Find the map from $\{ z: - \pi/2 < Im(z)<\pi/2\}$ to the vertical strip $\{ z: 0 < Re(z)<\log 2\}$.

Question

Find the map from $\{ z: - \pi/2 < Im(z)<\pi/2\}$ to the vertical strip $\{ z: 0 < Re(z)<\log 2\}$.

Using the map $f(z)=i (2/\pi)(\log 2) z$

we get the image of $f$ as $\{ z: \log 1/2 < Re(z)<\log 2\}$. But not the required one. How can I get that? Thanks

Answer 1

You are on the right track. I believe you start with the mapping $ z \rightarrow iz$, which maps the horizontal strip to the corresponding vertical strip.

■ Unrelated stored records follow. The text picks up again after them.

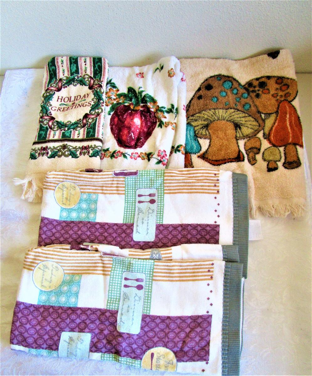 Some new with tags, others are in new condition, one vintage with mushrooms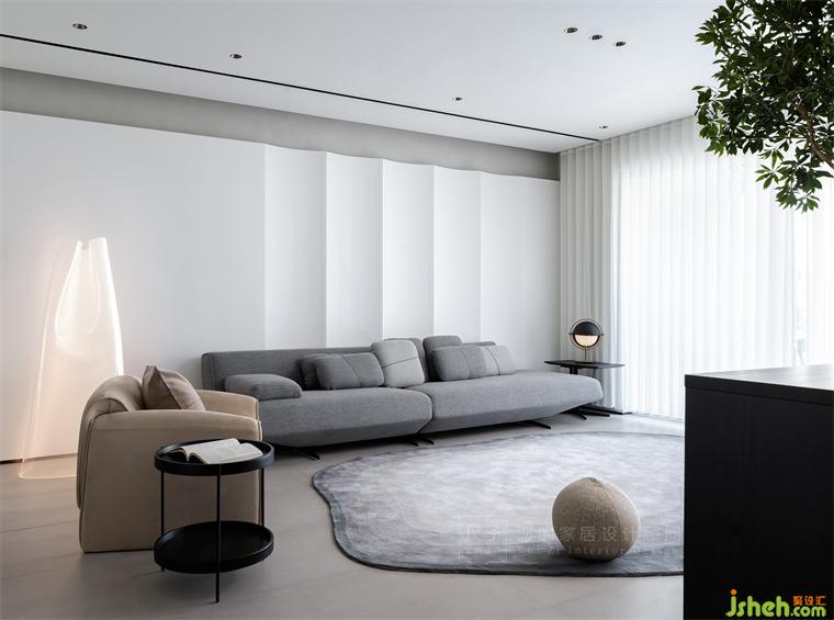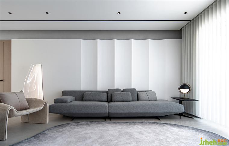 屋主希望家里是開闊通透的,于是便舍棄了笨重的茶幾,以一塊不規(guī)則造型的地毯,圈出適合孩子玩樂的“安全區(qū)”。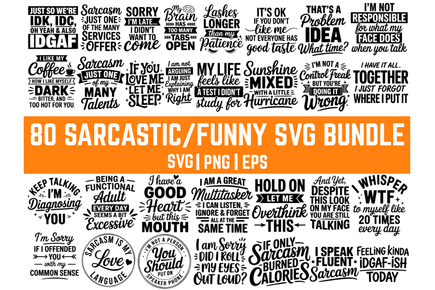80 Sarcastic SVG Bundle | Quotes | SVG Cut Files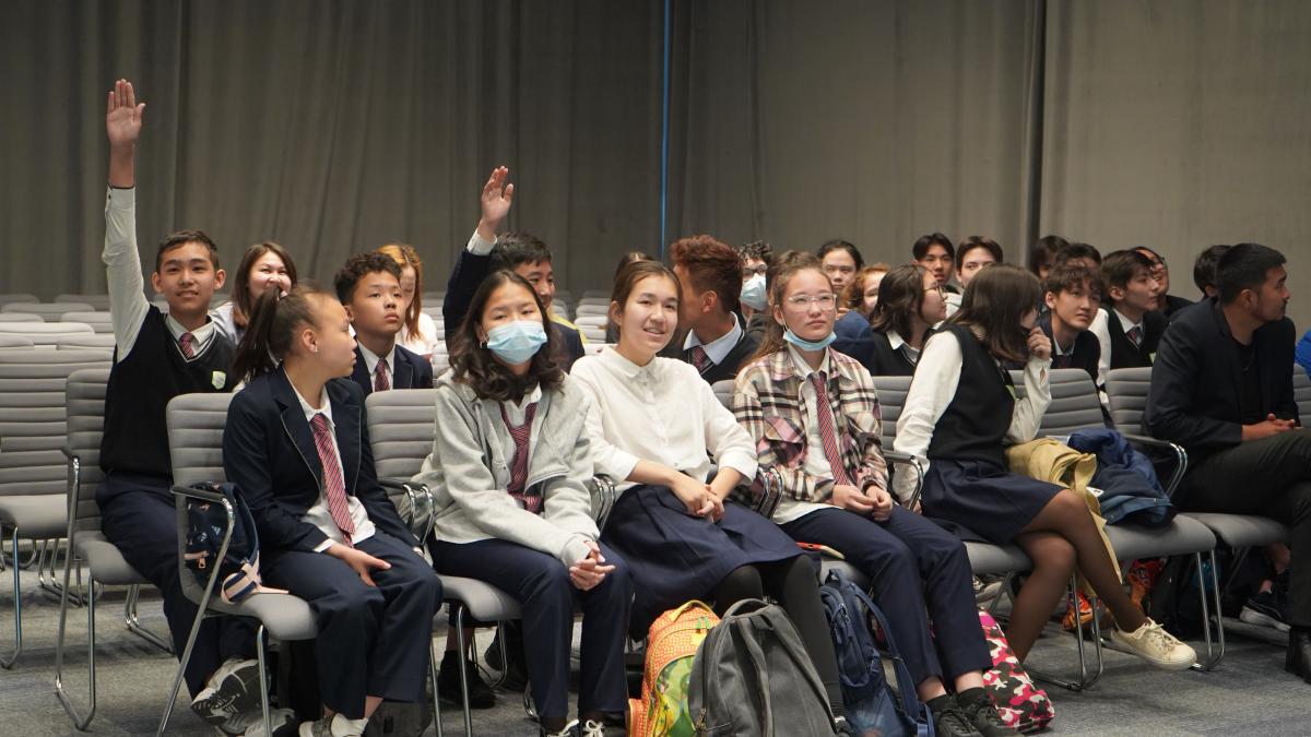 Мероприятие с участием школьников 8-11 классов началось с показа специального выпуска Агентства Хабар о конкурсе школьников: «Продолжение большого пути».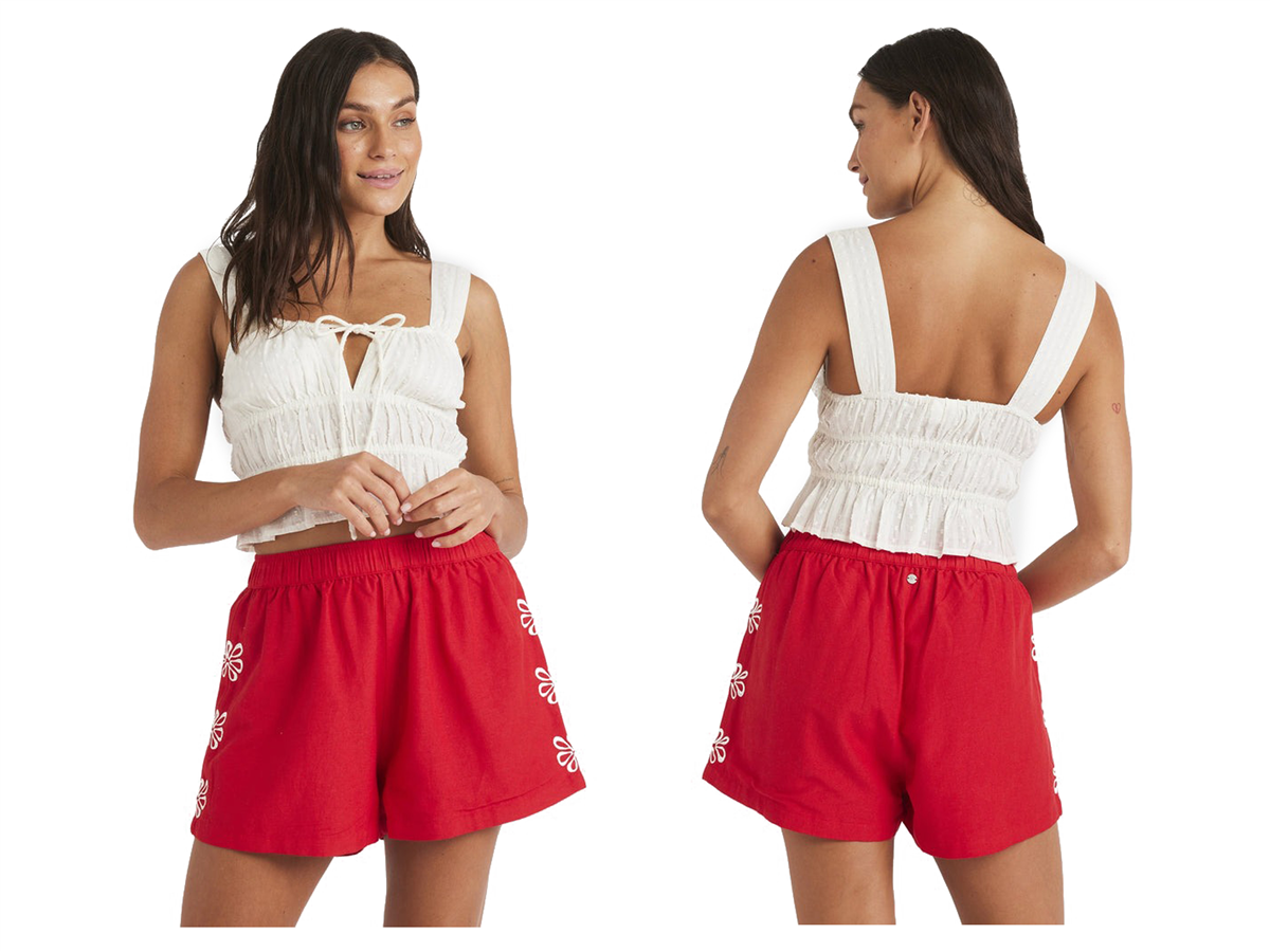- Floral embroidery on the seams adds surfy, feminine detail.

Then use $ \zeta \rightarrow \zeta+\pi/2$, which moves the vertical strip in the positive right direction.

Finally use $\omega \rightarrow \frac{\omega log(2)}{\pi}$.

Now compose all of these together.

Answer 2

1. Shift the horizontal strip upwards by $\pi/2$ units ($+i\pi/2$), so that the strip lies on the real axis.
2. Rotate the strip by $\pi/2$ clockwise ($\cdot (-i)$)
3. Adjust the width of the strip by multiplying by a factor of $\log 2/\pi$.

This gives $f(z) = \dfrac{\log2}{\pi} \, (-i) \left(z + i \, \dfrac\pi2\right)$.

Answer 3

$f(z)=\frac{az+b}{cz+d}$.

Let's put $f(-\frac{\pi}2i)=0, f(\frac{\pi}2i)=\log2$ and $f(0)=\frac{\log2}2$.

So, $a=-\frac2{\pi}ib$. And $\frac{b+b}{\frac{\pi}2ic+d}=\log2 $. Finally, $b=\frac{\log2}2d\implies c=0$.

Putting this together, $f(z)=\frac{-\frac2{\pi}biz+b}{\frac2{\log2}b}$, or $\boxed{f(z)=-\frac{\log2}{\pi}(iz-\frac{\pi}2)}$.